**What to work on**:
The reply is to be the lines from the one with "Ante el aumento" through the last line of the records below, each retyped exactly, with pictures left out.

☆ ☆ ☆ ☆ ☆

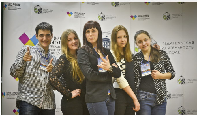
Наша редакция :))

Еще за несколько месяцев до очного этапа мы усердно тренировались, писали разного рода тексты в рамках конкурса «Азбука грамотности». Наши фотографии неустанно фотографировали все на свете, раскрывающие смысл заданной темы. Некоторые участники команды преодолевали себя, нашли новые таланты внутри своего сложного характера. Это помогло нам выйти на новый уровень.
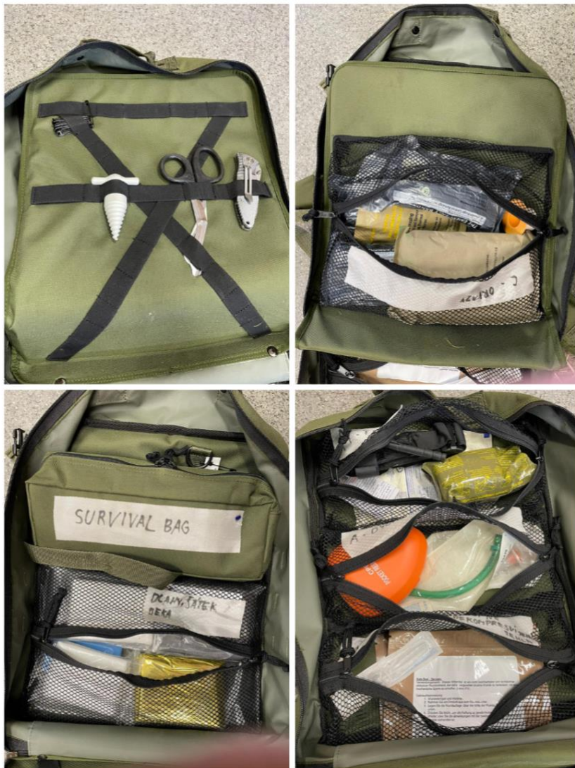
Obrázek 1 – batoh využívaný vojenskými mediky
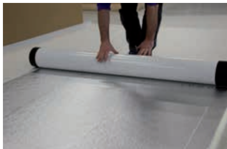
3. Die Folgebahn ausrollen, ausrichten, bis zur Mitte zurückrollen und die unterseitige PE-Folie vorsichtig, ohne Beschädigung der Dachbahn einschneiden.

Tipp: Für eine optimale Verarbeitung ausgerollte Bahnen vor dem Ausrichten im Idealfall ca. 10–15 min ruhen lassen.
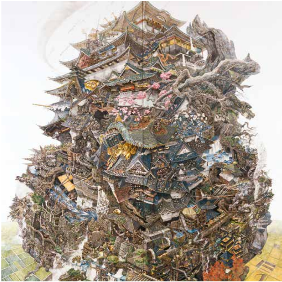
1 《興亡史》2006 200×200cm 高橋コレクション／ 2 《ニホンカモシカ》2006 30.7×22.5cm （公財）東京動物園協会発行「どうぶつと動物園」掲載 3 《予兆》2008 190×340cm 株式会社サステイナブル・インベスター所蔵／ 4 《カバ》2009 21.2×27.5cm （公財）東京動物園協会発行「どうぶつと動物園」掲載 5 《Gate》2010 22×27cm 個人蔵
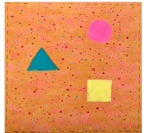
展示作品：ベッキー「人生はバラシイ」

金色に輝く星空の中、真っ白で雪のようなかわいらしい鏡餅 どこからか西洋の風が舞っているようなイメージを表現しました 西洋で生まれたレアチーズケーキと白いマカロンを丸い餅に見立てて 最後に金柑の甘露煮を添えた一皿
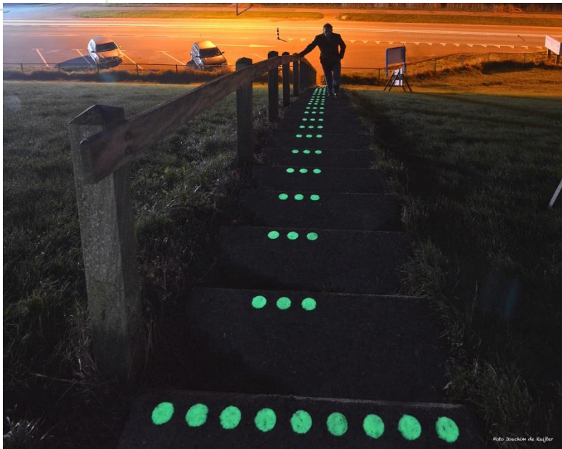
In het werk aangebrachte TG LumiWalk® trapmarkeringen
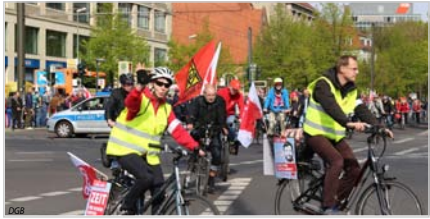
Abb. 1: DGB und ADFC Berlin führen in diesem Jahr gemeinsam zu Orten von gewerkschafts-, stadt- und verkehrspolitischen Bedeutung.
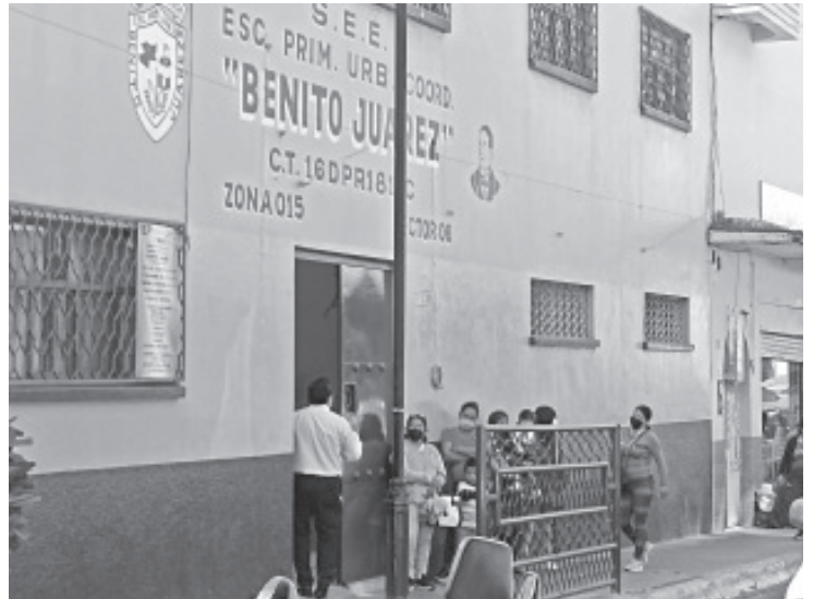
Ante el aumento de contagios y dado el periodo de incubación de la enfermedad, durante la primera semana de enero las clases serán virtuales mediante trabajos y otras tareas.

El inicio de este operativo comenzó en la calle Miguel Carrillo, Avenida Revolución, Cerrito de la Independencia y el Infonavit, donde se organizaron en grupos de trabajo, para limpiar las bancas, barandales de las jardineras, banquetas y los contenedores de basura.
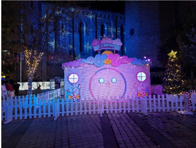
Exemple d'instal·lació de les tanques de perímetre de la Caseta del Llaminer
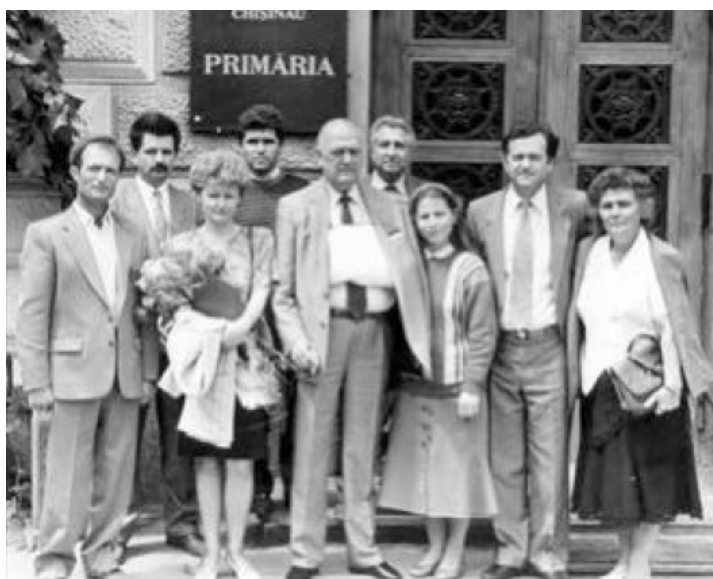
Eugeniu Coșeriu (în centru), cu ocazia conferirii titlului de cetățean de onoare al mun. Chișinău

☆ ☆ ☆ ☆ ☆

**Reply**:
Ante el aumento de contagios y dado el periodo de incubación de la enfermedad, durante la primera semana de enero las clases serán virtuales mediante trabajos y otras tareas.

El inicio de este operativo comenzó en la calle Miguel Carrillo, Avenida Revolución, Cerrito de la Independencia y el Infonavit, donde se organizaron en grupos de trabajo, para limpiar las bancas, barandales de las jardineras, banquetas y los contenedores de basura.
Exemple d'instal·lació de les tanques de perímetre de la Caseta del Llaminer
Eugeniu Coșeriu (în centru), cu ocazia conferirii titlului de cetățean de onoare al mun. Chișinău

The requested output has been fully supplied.